• What needs to be done
From the line containing "Bill Gate en" down to the last line of the material, output each line exactly as it appears, excluding pictures.

• Data to process
++++++++

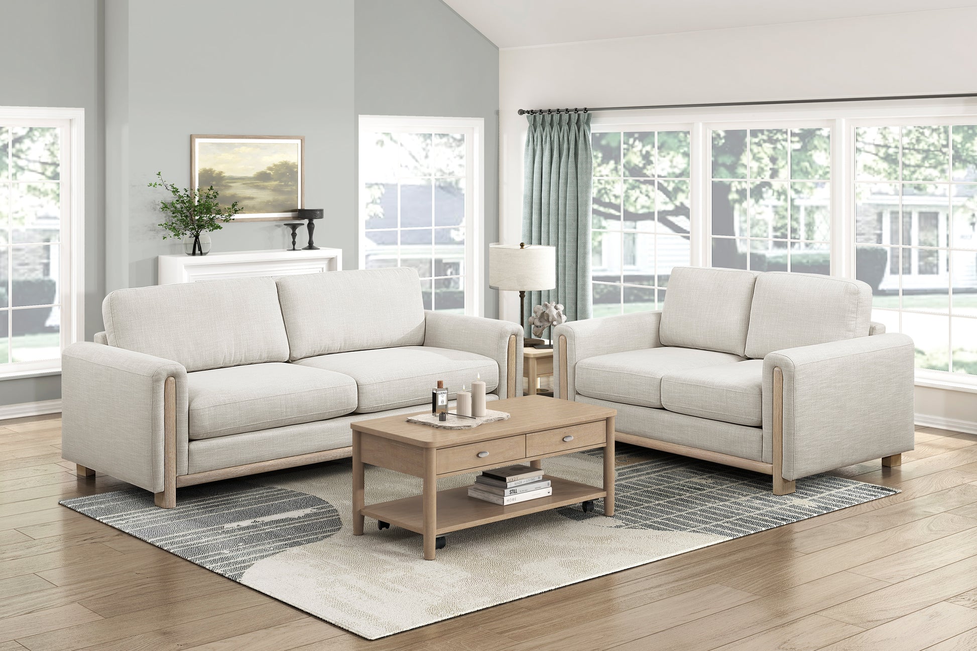 Discover the modern comfort collection, where sophisticated style meets everyday practicality. Each piece, from our inviting chair to our spacious sofa and cozy loveseat, features clean lines, exposed solid wood framing, and comfortable textured fabric. Built with durable solid wood and plywood frames, high-density foam over pocket coils, and elegant natural-finished legs, these pieces offer lasting durability and a plush seating experience. Enjoy the added convenience of reversible back cushions and removable zippered covers for easy maintenance and a consistently fresh look. Perfect for any contemporary living space.
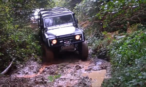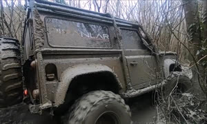 很少见的路虎卫士 和几辆吉普一起穿越雨林
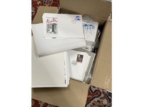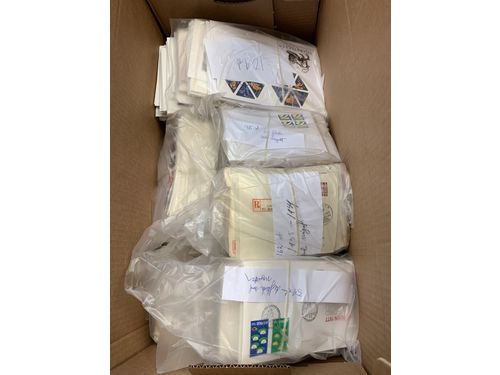 Sweden. FDCs, collection/accumulation 1900s–2000s in box. The box contains of address cards, letter cards, and other postal stationery items. The FDCs are from 1938-2004. Please see a selection of scans at www.philea.se. Mostly fine quality. Approx. 26 kg. Show less
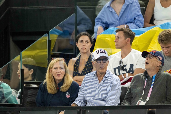 Bill Gate en tribunes aux épreuves de gymnastiques lors des Jeux Olympiques de Paris 2024 (JO) au Palais omnisports Bercy Arena, à Paris, France, le 28 juillet 2024. © Jacovides-Perusseau/Bestimage Celebs attend the gymnastics event during the Paris 2024 Olympic Games (Olympics) at Palais Omnisports Bercy Arena in Paris, France, July 28, 2024.
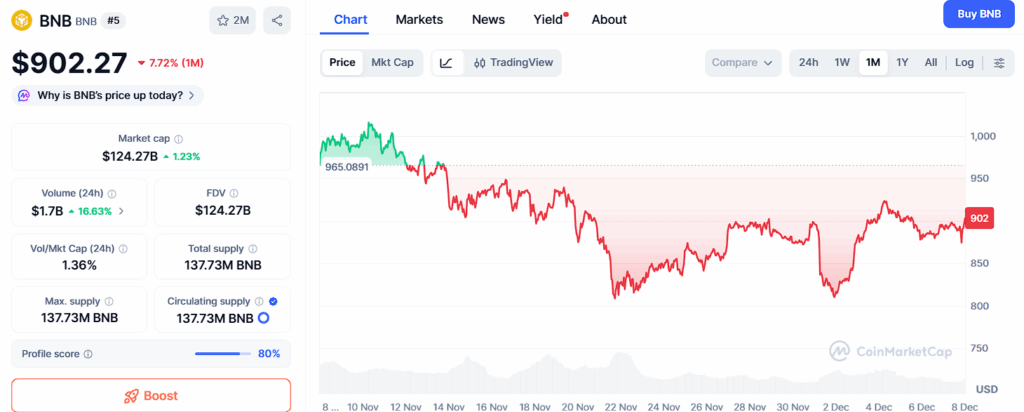 Analysts expect BNB to accelerate once it challenges resistance at $905, which historically triggers stronger follow-through patterns. Higher breakout zones around $932 and $958 could act as stepping stones toward triple-digit growth as cycle liquidity deepens. These strong structural signals support forecasts that place BNB’s next peak near—or even above—the $1,600 region.

++++++++

• Written reply
 Bill Gate en tribunes aux épreuves de gymnastiques lors des Jeux Olympiques de Paris 2024 (JO) au Palais omnisports Bercy Arena, à Paris, France, le 28 juillet 2024. © Jacovides-Perusseau/Bestimage Celebs attend the gymnastics event during the Paris 2024 Olympic Games (Olympics) at Palais Omnisports Bercy Arena in Paris, France, July 28, 2024.
 Analysts expect BNB to accelerate once it challenges resistance at $905, which historically triggers stronger follow-through patterns. Higher breakout zones around $932 and $958 could act as stepping stones toward triple-digit growth as cycle liquidity deepens. These strong structural signals support forecasts that place BNB’s next peak near—or even above—the $1,600 region.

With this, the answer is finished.